No picture belongs in the copy. Repeat each line below exactly.

Data section:
+ + + + + + +

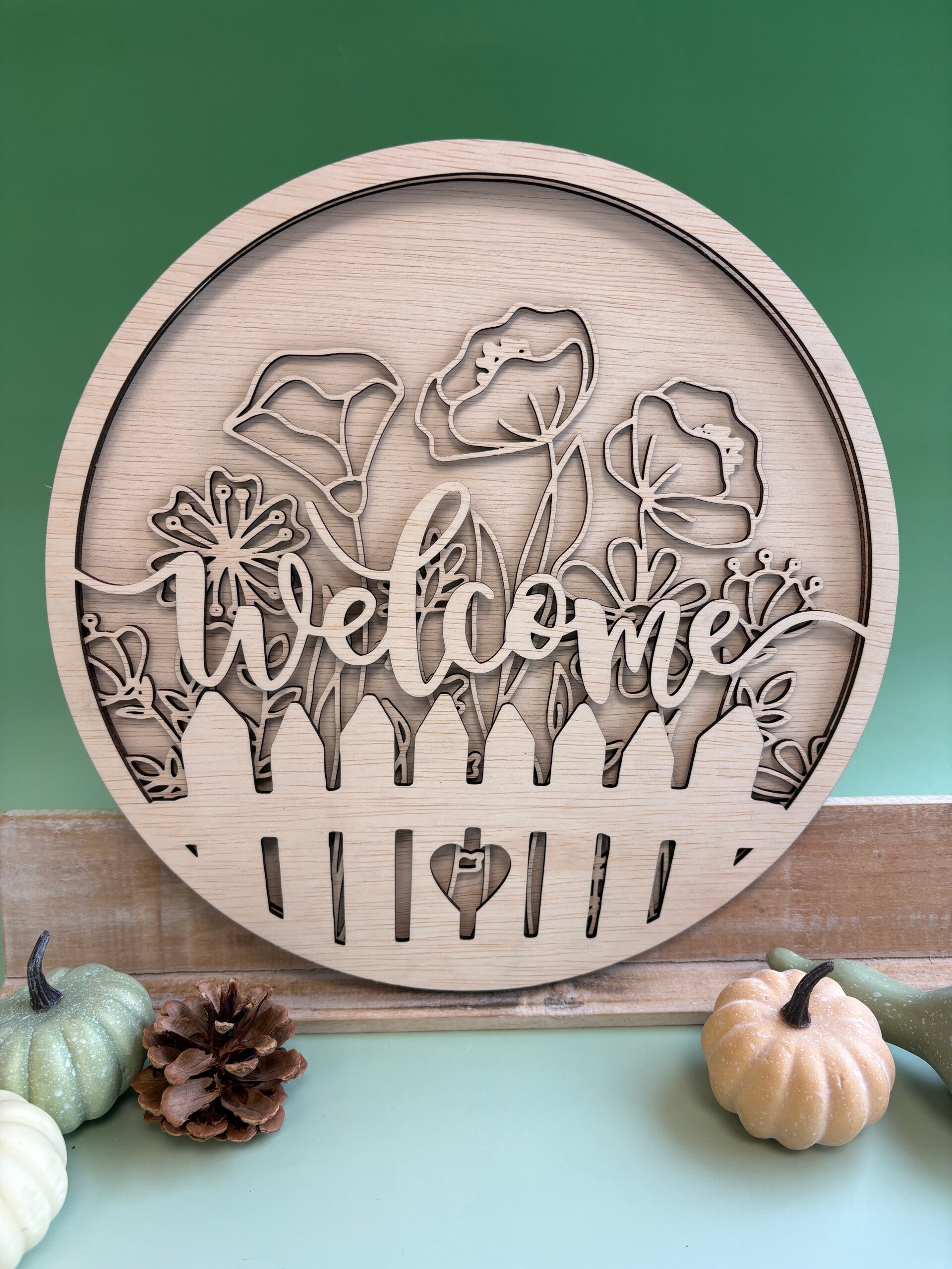 Decoratief houten bord met bloemen, een hek en het woord Welcome. Het bord bestaat uit drie lagen, elk gesneden uit 3mm multiplex, en de doorsnede is 22cm. Je kunt er voor kiezen het bord onbehandeld te laten voor een natuurlijke uitstraling, of de tussenlaag met de bloemen van kleur te laten voorzien. De onder- en bovenlaag blijven daarbij naturel, zodat het geheel zijn rustige en warme look behoudt.
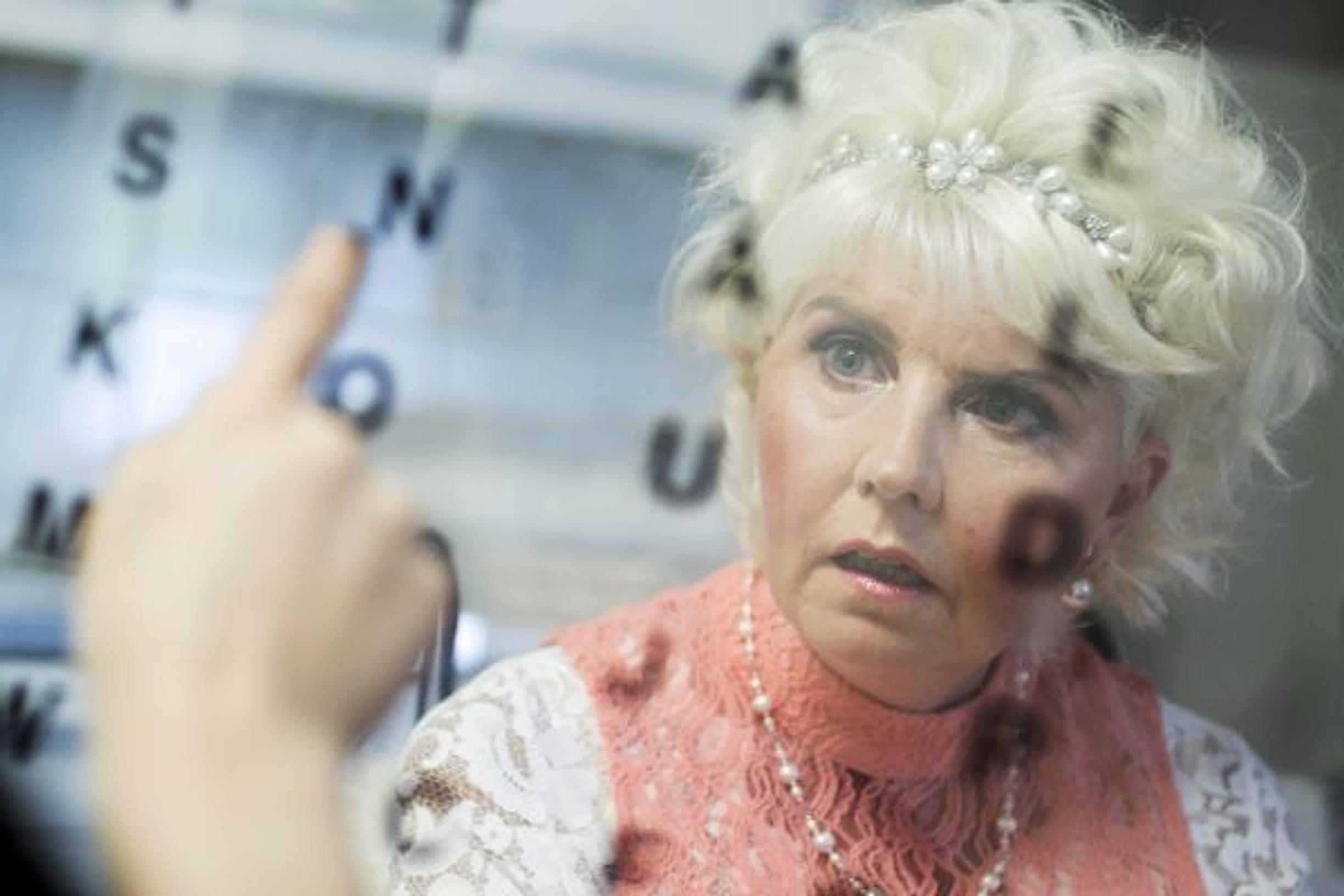 Korhonen katsoo kirjainta, avustaja näpäyttää sitä sormellaan, ja nainen hyväksyy sen räpäyttämällä pitkiä silmäripsiään.
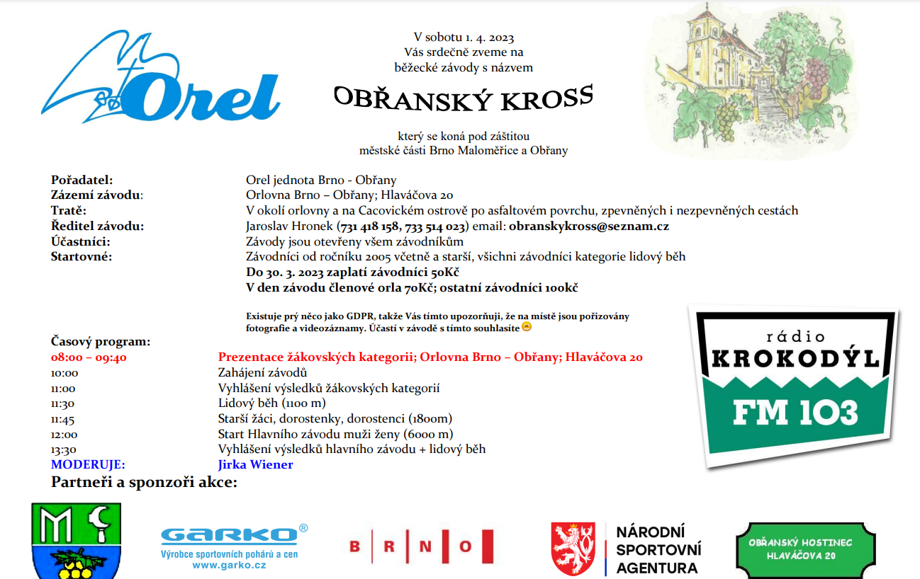 Orel jednota Brno - Obřany vás srdečně zve na běžecké závody "Obřanský kross" které se konají v sobotu 1. 4. 2023
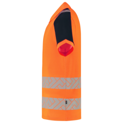 Het Tricorp Poloshirt High Vis Redefined van Tricorp is ontworpen voor professionals die geen concessies doen aan veiligheid, comfort en duurzaamheid. Dit unisex poloshirt is vervaardigd uit een slimme combinatie van 55% biologisch katoen en 45% gerecycled polyester en een heeft een doekgewicht van 180 g/m2, waarbij het katoen aan de binnenzijde zorgt voor extra zachtheid en vochtabsorptie, en het polyester aan de buitenzijde bijdraagt aan slijtvastheid en kleurvastheid. Dankzij de gesegmenteerde reflectiestriping rondom de torso en op de schouders voldoet het shirt aan de EN ISO 20471-norm voor hoge zichtbaarheid (klasse 2, XS klasse 1). De Polygiene® StayFresh technologie voorkomt geurvorming en houdt het shirt langer fris, zelfs bij dagelijks gebruik. Het Pro Wash-label garandeert dat het shirt industrieel wasbaar is op 60 graden, conform EN ISO 15797, zonder verlies van kwaliteit of zichtbaarheid, waardoor het poloshirt uitermate geschikt is voor intensieve werkomgevingen. Bovendien biedt het shirt UV-bescherming met UPF 40+, gecertificeerd volgens EN 13758-2, wat extra bescherming biedt bij buitenwerk. Dit poloshirt is niet alleen functioneel, maar ook milieubewust. Het is gecertificeerd volgens OEKOTEX-100 en GRS (Global Recycled Standard), wat de herkomst en duurzaamheid van de gebruikte materialen bevestigt. Het Poloshirt High Vis Redefined Industrieel Wasbaar is beschikbaar van maat XS tot en met 5XL en komt in de kleuren Fluor Orange-Ink en Fluor Yellow-Ink. Combineer dit poloshirt met andere items uit de High Vis Redefined-lijn voor een complete, professionele en duurzame werkoutfit.

+ + + + + + +

Task result:
 Decoratief houten bord met bloemen, een hek en het woord Welcome. Het bord bestaat uit drie lagen, elk gesneden uit 3mm multiplex, en de doorsnede is 22cm. Je kunt er voor kiezen het bord onbehandeld te laten voor een natuurlijke uitstraling, of de tussenlaag met de bloemen van kleur te laten voorzien. De onder- en bovenlaag blijven daarbij naturel, zodat het geheel zijn rustige en warme look behoudt.
 Korhonen katsoo kirjainta, avustaja näpäyttää sitä sormellaan, ja nainen hyväksyy sen räpäyttämällä pitkiä silmäripsiään.
 Orel jednota Brno - Obřany vás srdečně zve na běžecké závody "Obřanský kross" které se konají v sobotu 1. 4. 2023
 Het Tricorp Poloshirt High Vis Redefined van Tricorp is ontworpen voor professionals die geen concessies doen aan veiligheid, comfort en duurzaamheid. Dit unisex poloshirt is vervaardigd uit een slimme combinatie van 55% biologisch katoen en 45% gerecycled polyester en een heeft een doekgewicht van 180 g/m2, waarbij het katoen aan de binnenzijde zorgt voor extra zachtheid en vochtabsorptie, en het polyester aan de buitenzijde bijdraagt aan slijtvastheid en kleurvastheid. Dankzij de gesegmenteerde reflectiestriping rondom de torso en op de schouders voldoet het shirt aan de EN ISO 20471-norm voor hoge zichtbaarheid (klasse 2, XS klasse 1). De Polygiene® StayFresh technologie voorkomt geurvorming en houdt het shirt langer fris, zelfs bij dagelijks gebruik. Het Pro Wash-label garandeert dat het shirt industrieel wasbaar is op 60 graden, conform EN ISO 15797, zonder verlies van kwaliteit of zichtbaarheid, waardoor het poloshirt uitermate geschikt is voor intensieve werkomgevingen. Bovendien biedt het shirt UV-bescherming met UPF 40+, gecertificeerd volgens EN 13758-2, wat extra bescherming biedt bij buitenwerk. Dit poloshirt is niet alleen functioneel, maar ook milieubewust. Het is gecertificeerd volgens OEKOTEX-100 en GRS (Global Recycled Standard), wat de herkomst en duurzaamheid van de gebruikte materialen bevestigt. Het Poloshirt High Vis Redefined Industrieel Wasbaar is beschikbaar van maat XS tot en met 5XL en komt in de kleuren Fluor Orange-Ink en Fluor Yellow-Ink. Combineer dit poloshirt met andere items uit de High Vis Redefined-lijn voor een complete, professionele en duurzame werkoutfit.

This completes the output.